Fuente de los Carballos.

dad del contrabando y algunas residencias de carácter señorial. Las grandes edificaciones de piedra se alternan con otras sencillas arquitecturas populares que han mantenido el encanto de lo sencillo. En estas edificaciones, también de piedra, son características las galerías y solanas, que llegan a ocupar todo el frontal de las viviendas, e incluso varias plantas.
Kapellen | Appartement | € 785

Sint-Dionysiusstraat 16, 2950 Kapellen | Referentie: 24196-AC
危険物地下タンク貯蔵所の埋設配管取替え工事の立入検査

---

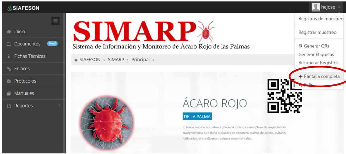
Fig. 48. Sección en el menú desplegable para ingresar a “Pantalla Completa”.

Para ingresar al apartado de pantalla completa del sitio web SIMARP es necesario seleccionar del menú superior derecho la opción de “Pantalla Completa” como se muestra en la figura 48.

#### INSTRUCTIONS FOR THE TASK:
Could you restate, word for word, the lines above from the one with "Fig. 48. Sección" to the one with "Para ingresar al", both included?

#### SOLUTION FOR THIS PROBLEM:
Fig. 48. Sección en el menú desplegable para ingresar a “Pantalla Completa”.

Para ingresar al apartado de pantalla completa del sitio web SIMARP es necesario seleccionar del menú superior derecho la opción de “Pantalla Completa” como se muestra en la figura 48.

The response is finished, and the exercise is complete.